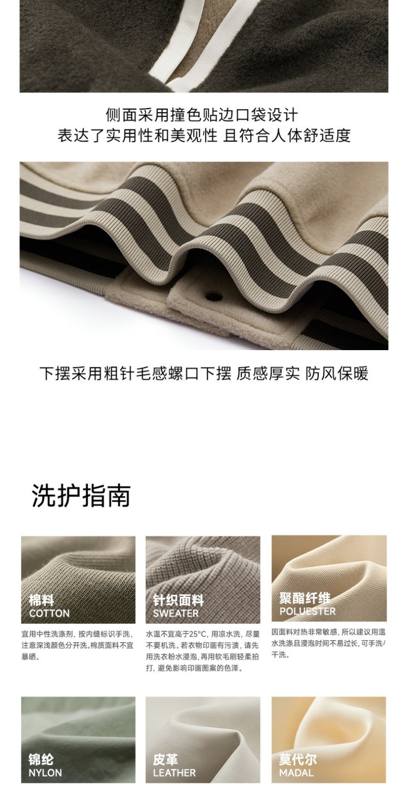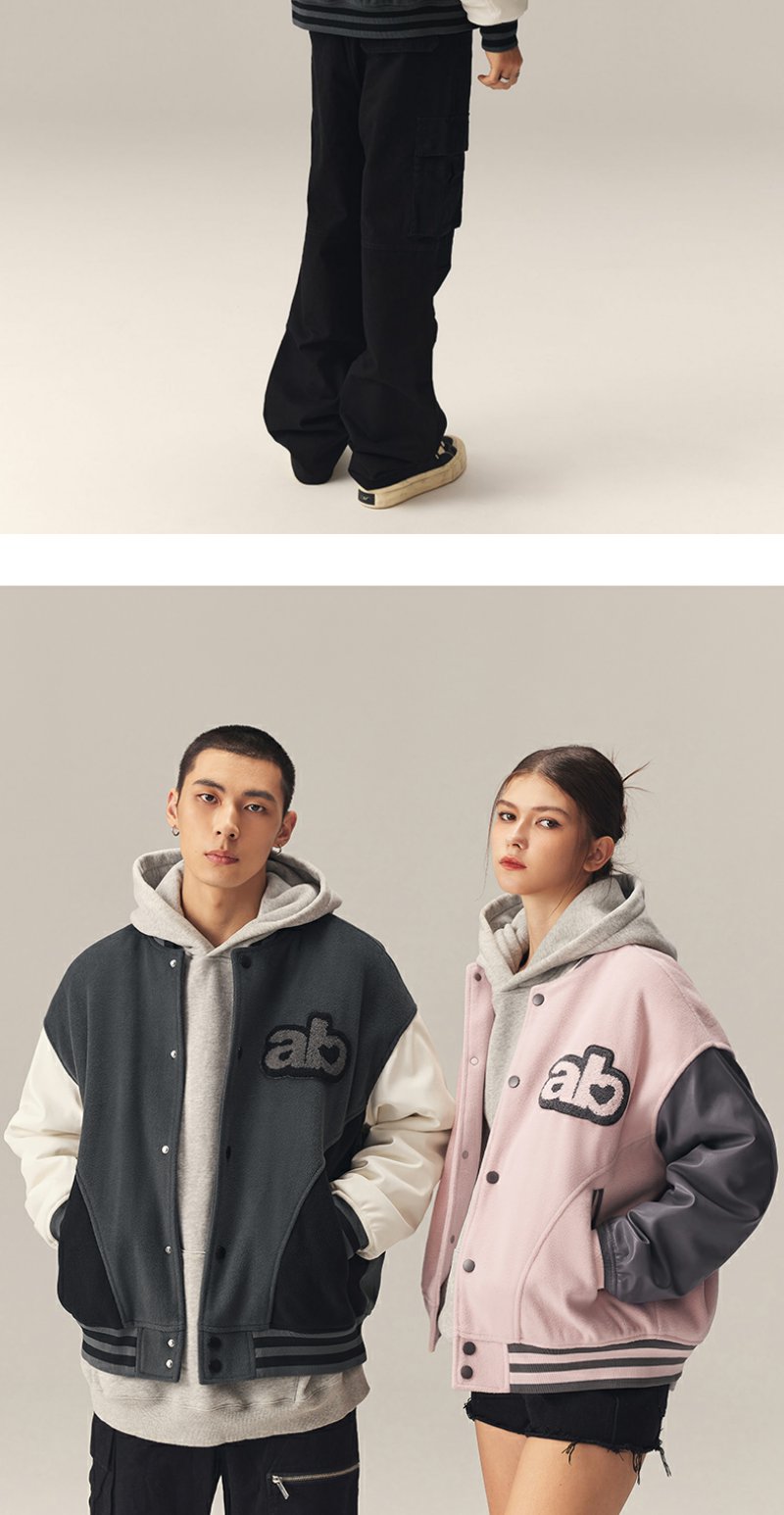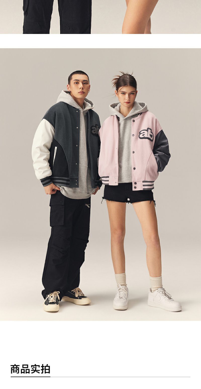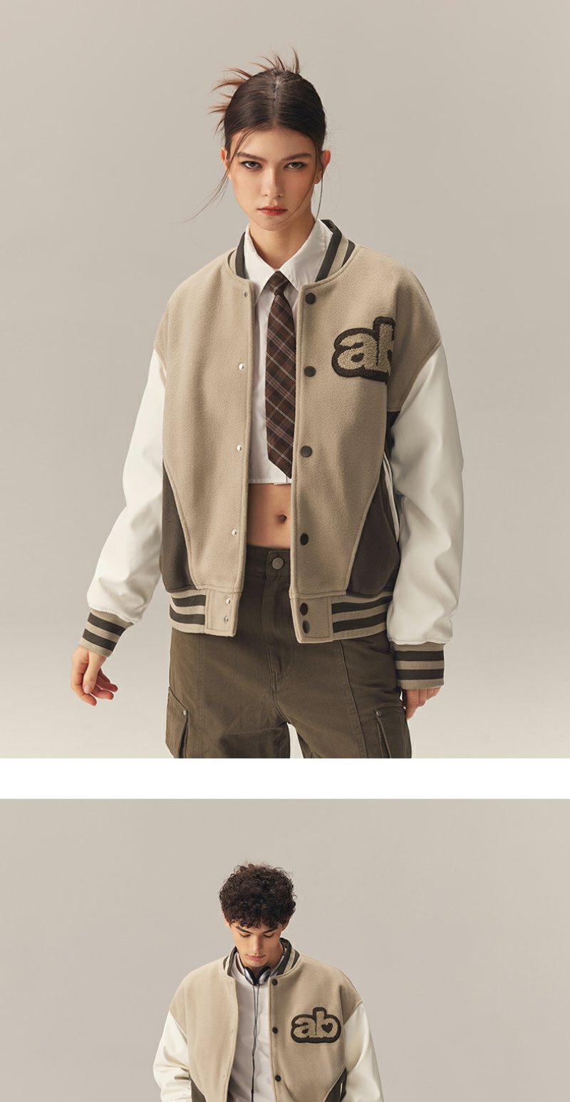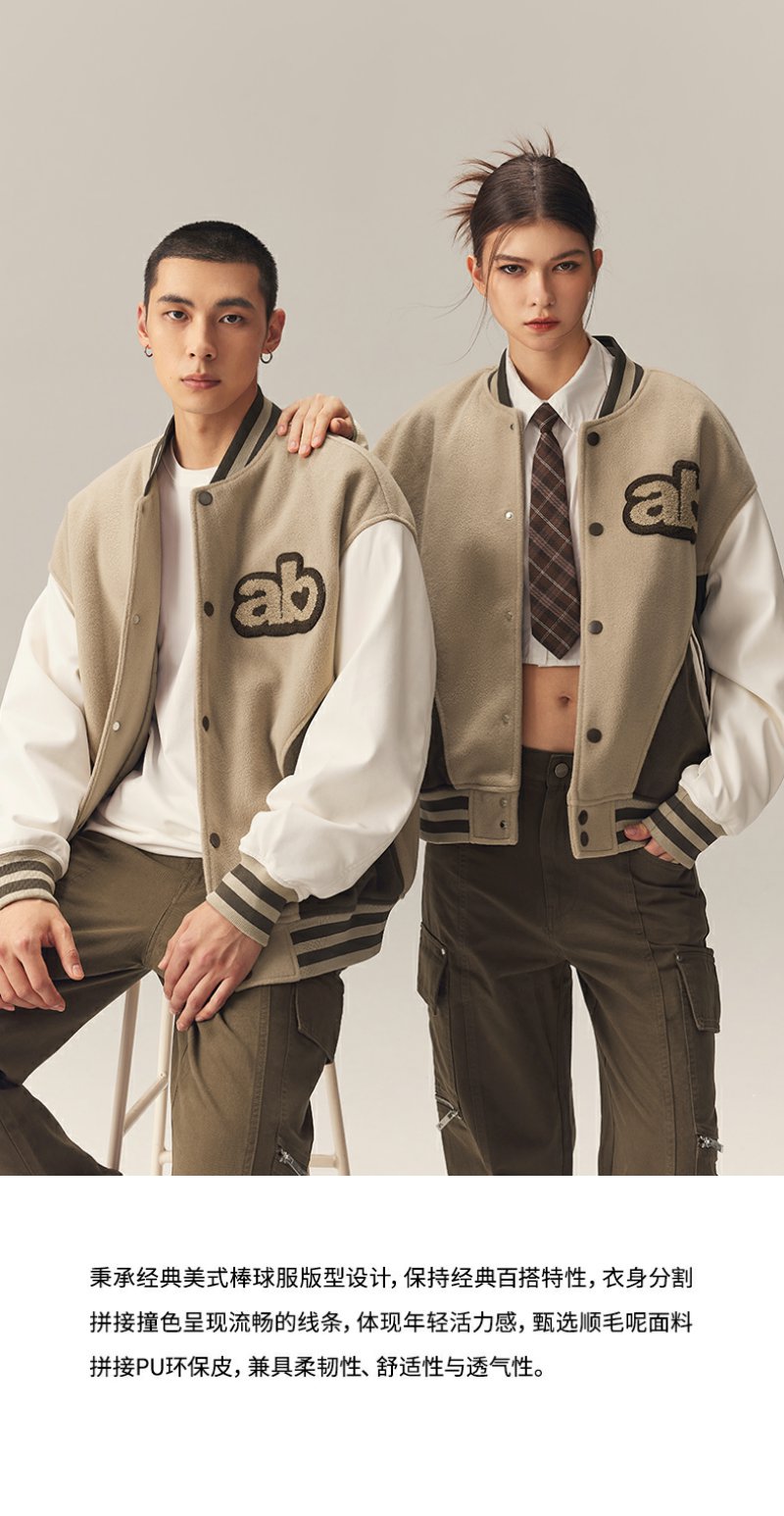 CHINISM CHab毛巾绣美式复古棒球服男女秋冬加厚拼接夹克情侣外套
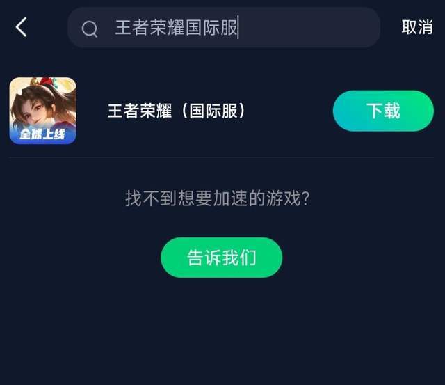 打开迅游加速器APP,在搜索栏输入“王者荣耀国际服”就可以找到游戏安装包,点击“下载”按钮,就可以自动获取官方正版安装包,下载并安装了。如果是IOS用户,则可以通过迅游加速器获取海外Apple ID,再更改苹果账号之后进入APP Store的账号即可下载。
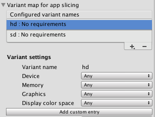 现在可以在 Player Settings > Other Settings > Configuration 中的 Variant map for app slicing 下拉菜单中查看和修改变体(仅当在 Player Settings 中启用了 Use on demand resources 时,此菜单才可见)。
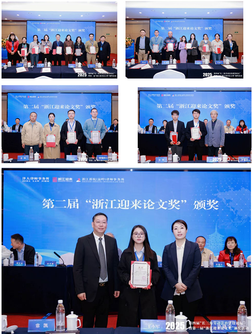 在隆重的颁奖仪式中,获奖代表依次上台领奖,会场气氛热烈,充分展现了长三角地区中青年劳动法学者的研究活力与学术潜力。
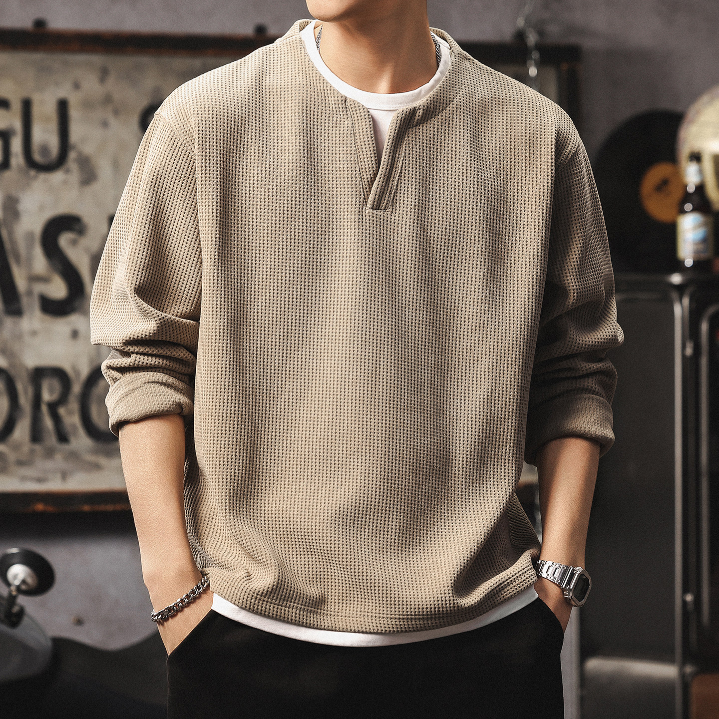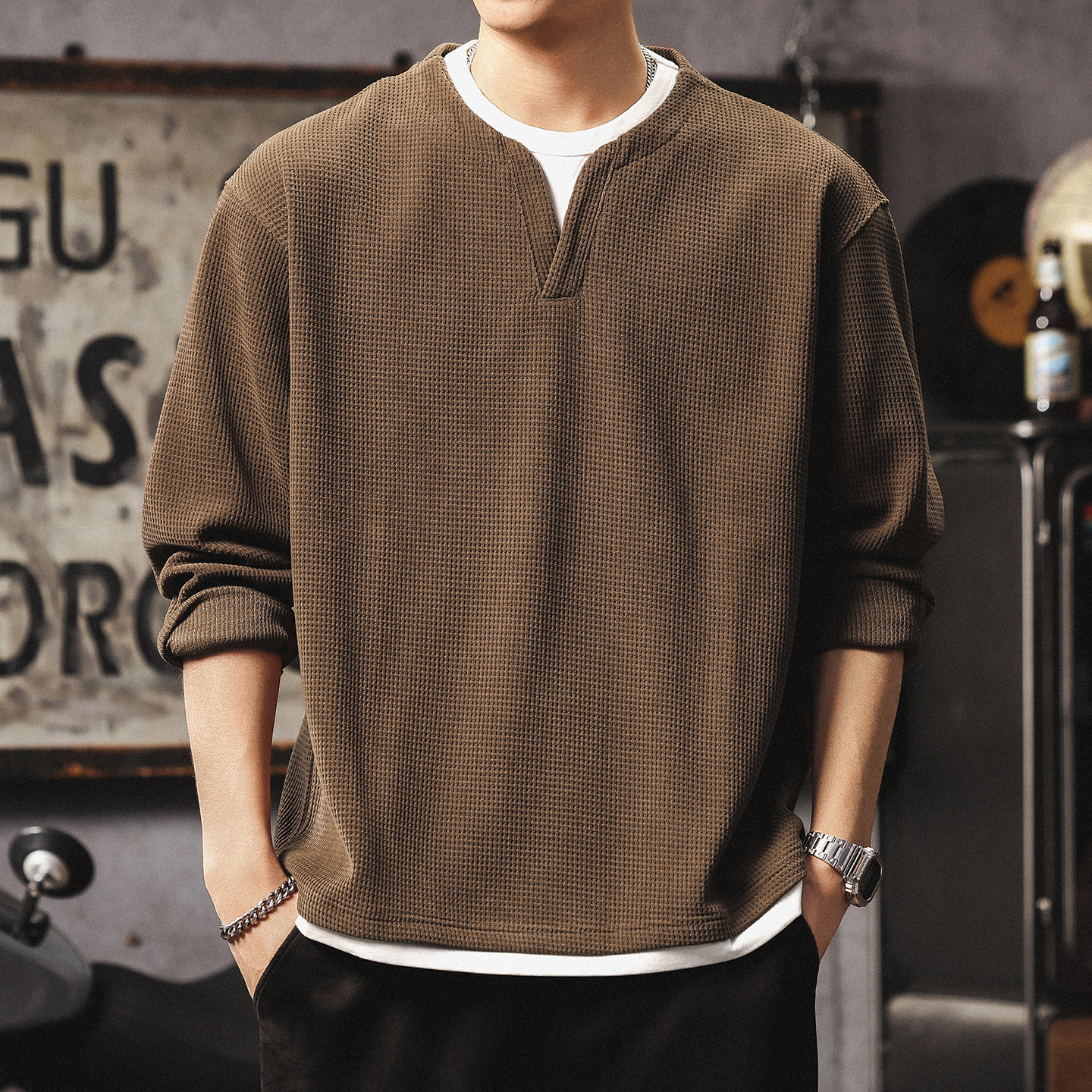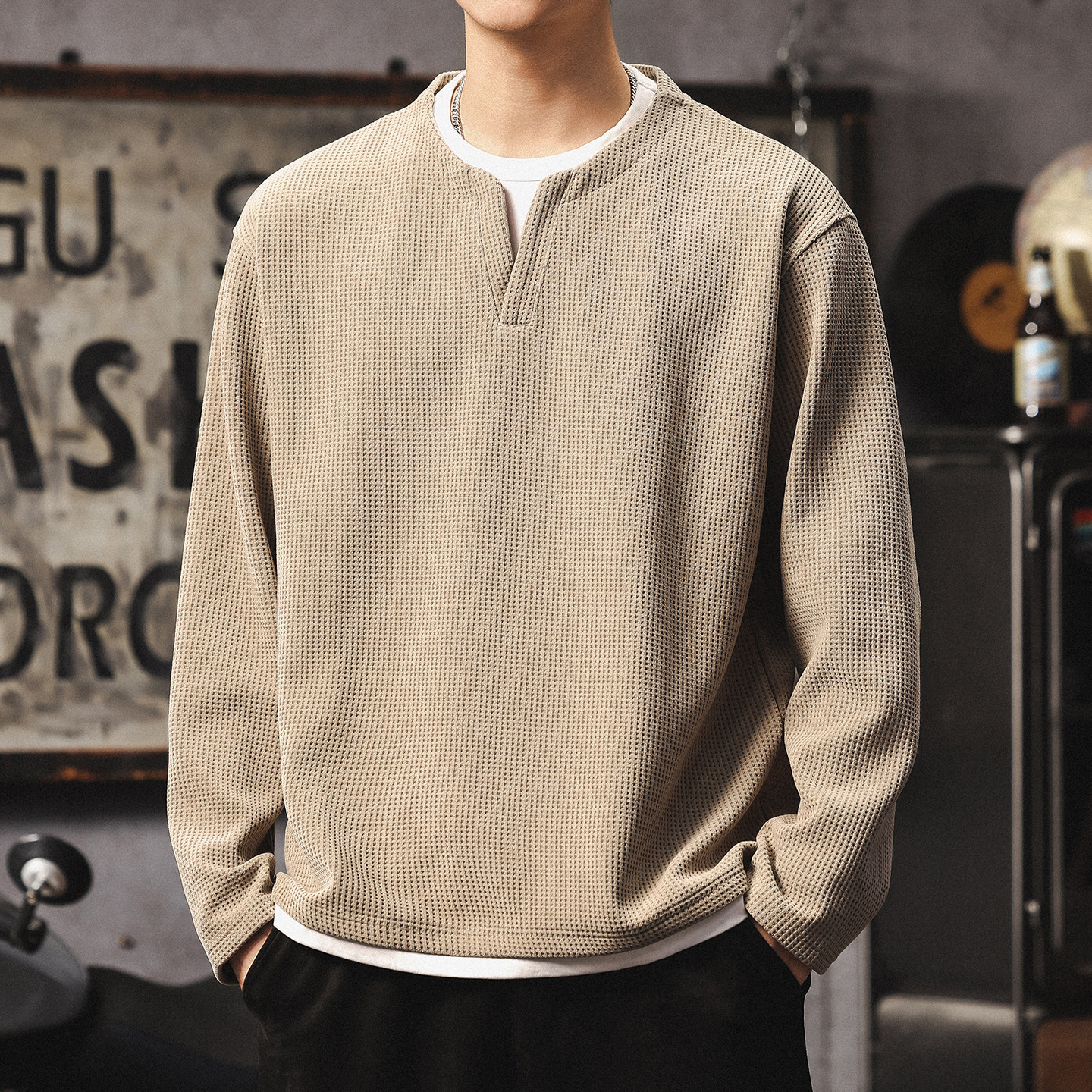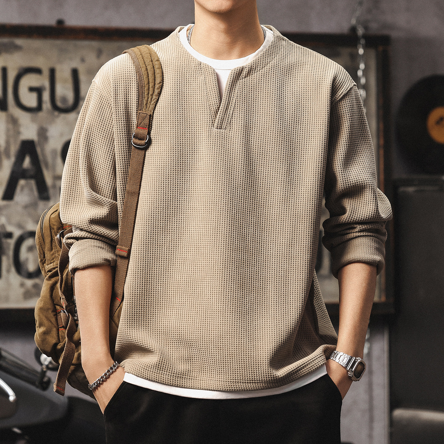 📚 假两件长袖t恤男高级感潮牌v领上衣美式复古华夫格亨利衫打底卫衣

# AIM OF THE TASK
Exclude all images and restate the records above word for word.

# ANSWER TO THIS PROBLEM
 CHINISM CHab毛巾绣美式复古棒球服男女秋冬加厚拼接夹克情侣外套
 打开迅游加速器APP,在搜索栏输入“王者荣耀国际服”就可以找到游戏安装包,点击“下载”按钮,就可以自动获取官方正版安装包,下载并安装了。如果是IOS用户,则可以通过迅游加速器获取海外Apple ID,再更改苹果账号之后进入APP Store的账号即可下载。
 现在可以在 Player Settings > Other Settings > Configuration 中的 Variant map for app slicing 下拉菜单中查看和修改变体(仅当在 Player Settings 中启用了 Use on demand resources 时,此菜单才可见)。
 在隆重的颁奖仪式中,获奖代表依次上台领奖,会场气氛热烈,充分展现了长三角地区中青年劳动法学者的研究活力与学术潜力。
 📚 假两件长袖t恤男高级感潮牌v领上衣美式复古华夫格亨利衫打底卫衣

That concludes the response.